I’ve been a snail all this week, that’s all I can say. With this story, I had to settle on who the characters are. Yesterday the where-to-from-here became clear and I sat down to write my six lines when the doorbell rang. My visitor, a friend who likes to chat, stayed a couple of hours. So here’s my belated offering for the Six Word Story Challenge. The prompt word this week is SPARK.

Suspicious Sparks
“Great job getting rid of them before they did too much nosing around,” Jonathan said, stepping out of the hall closet. “So, how did you happen to show up here, Sonia — just when I needed you?”
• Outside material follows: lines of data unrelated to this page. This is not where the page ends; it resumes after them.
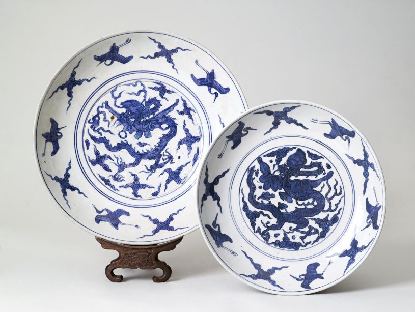 Schaal met decor van draak en kraanvogels (Nederlands)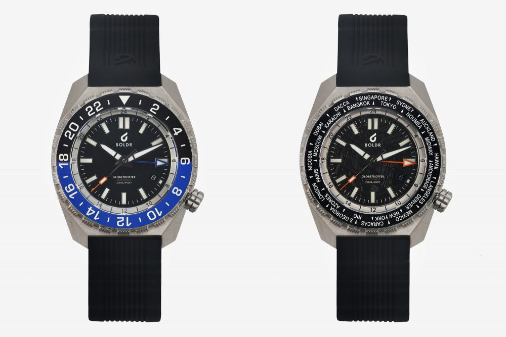 There are, at present, four versions of the BOLDR Globetrotter GMT available to choose from so you’re sure to find the ideal one for your wrist. This includes a classic Pepsi-style blue/red, a striking black/bright blue, and two further options with meteorite dials which complete the Globetrotter line-up of watches. Both of the standard models features a matte black dial with applied rectangular indices which have been treated with Super-LumiNova BGW9 lume that ensures it remains legible underwater and at night.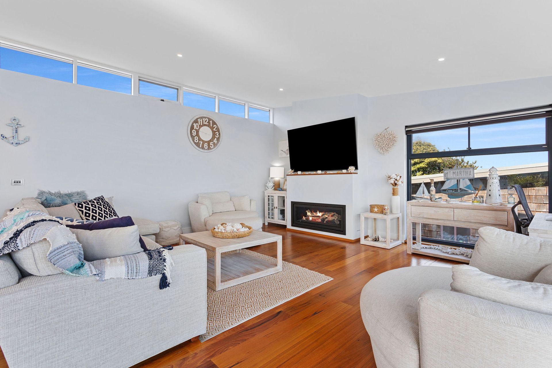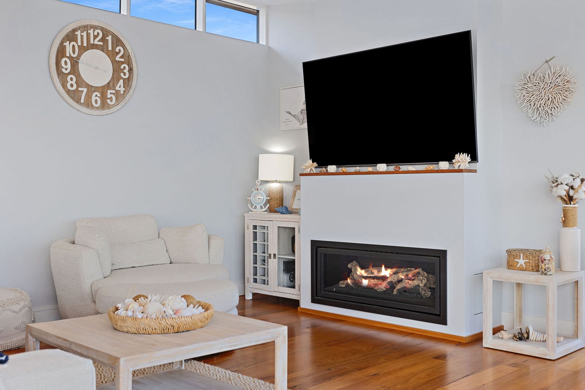Open Plan Living includes couch + chairs, wall mounted Smart Tv, gas fireplace and office table + chair.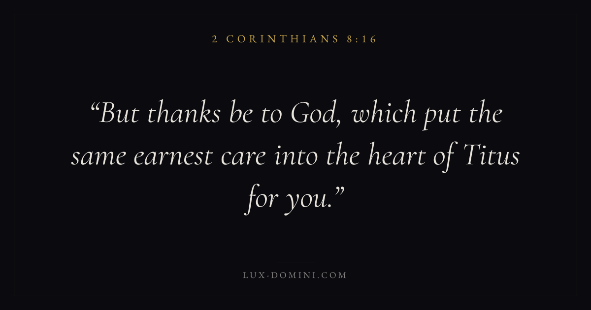 Books / 2 Corinthians / Chapter 8 / Verse 16 ← 2 Corinthians 8:15 2 Corinthians 8:16 2 Corinthians 8:17 → But thanks be to God, which put the same earnest care into the heart of Titus for you. Download verse card Share on Twitter Share on Facebook Pin it ✦ Key themes LoveSuffering and trialsWeaknessMinistry Read with 2 Corinthians 8:132 Corinthians 8:14John 3:161 Corinthians 13:4 Related topics Bible verses about loveBible verses about suffering and trialsBible verses about strength ✦ 2 Corinthians Chapter 8 verses V. 1 V. 2 V. 3 V. 4 V. 5 V. 6 V. 7 V. 8 V. 9 V. 10 V. 11 V. 12 V. 13 V. 14 V. 15 V. 16 V. 17 V. 18 V. 19 V. 20 V. 21 V. 22 V. 23 V. 24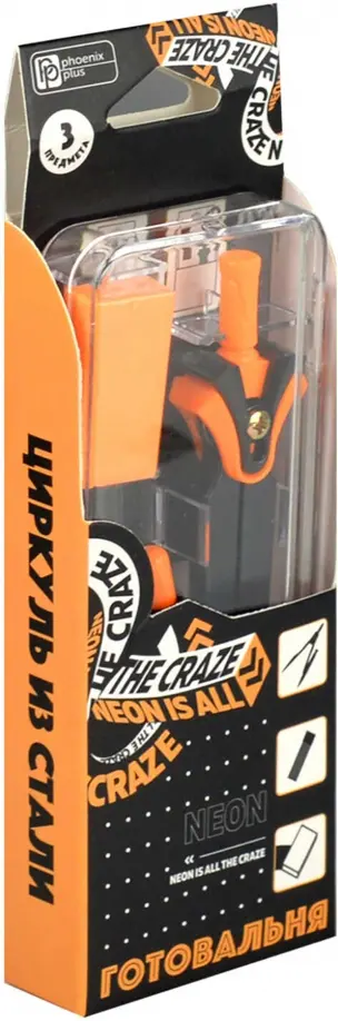 Циркуль со сменными грифелями и ластиком Неоновый оранжевый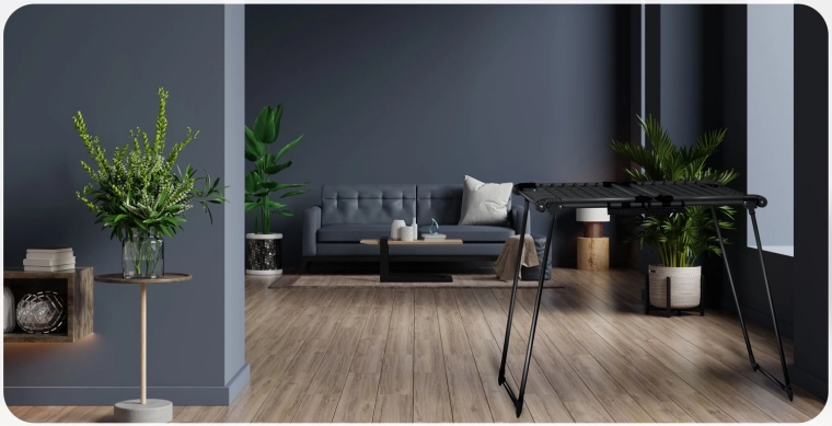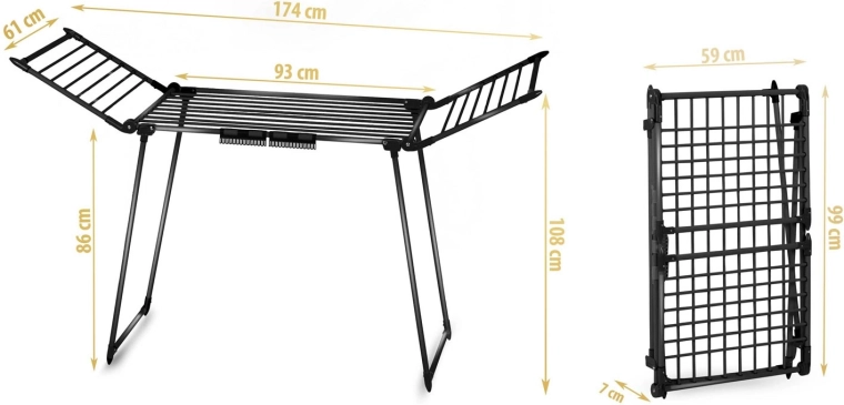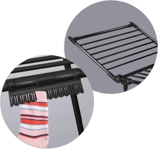 Grubsze pręty pomagają ograniczać powstawanie zagnieceń, dzięki czemu pranie po wysuszeniu często nie wymaga prasowania. Praktyczne uchwyty na bieliznę i skarpety oszczędzają miejsce na głównych prętach, a antypoślizgowe nóżki zapewniają stabilność na różnych powierzchniach. Suszak szybko się składa i rozkłada, a po złożeniu zajmuje minimum miejsca.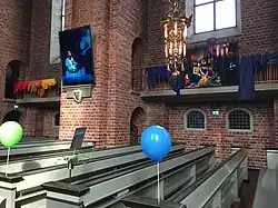 Image from Klosters church in Eskilstuna during Springpride 2016, shows two works from the Ecce Homo exhibition.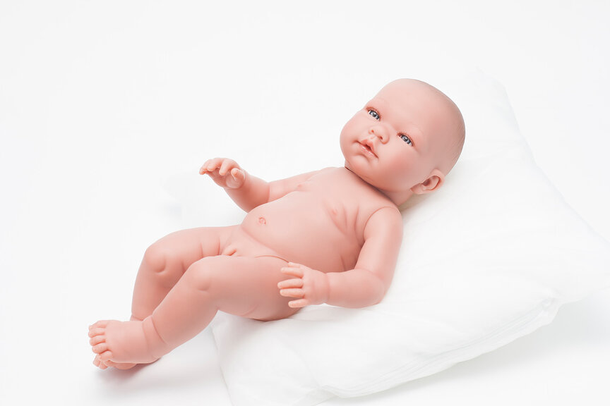 Младенец выполнен с детальной точностью всех физиологических особенностей новорожденных малышей. Ручки, ножки, пухленькие пальчики, крошечные ноготки, прелестные детские складочки, ямочки на коленках - точная копия грудничка.

“We’d set up a meeting with a shareholder for half an hour ago – a very important one – so when Herb didn’t show up I knew something was wrong and came to see what happened to him. “Now, what are you doing here and why Herb was out cold with a bruise on his face,” she demanded, glaring at him.
“The CEO ordered me to find out where his wife, Janice, is hiding; she’s gone and he was sure Herb would know where. Mr Zenzig thought he saw a spark flash between her and Herb one day and suspected they were meeting privately, so he sent me to nose around, see if she was here — in the course of our discussion Herb happened to trip and hit his head on the edge of the coffee table.”
Suspicious all the way around, if you ask me. You’ve set up a mystery.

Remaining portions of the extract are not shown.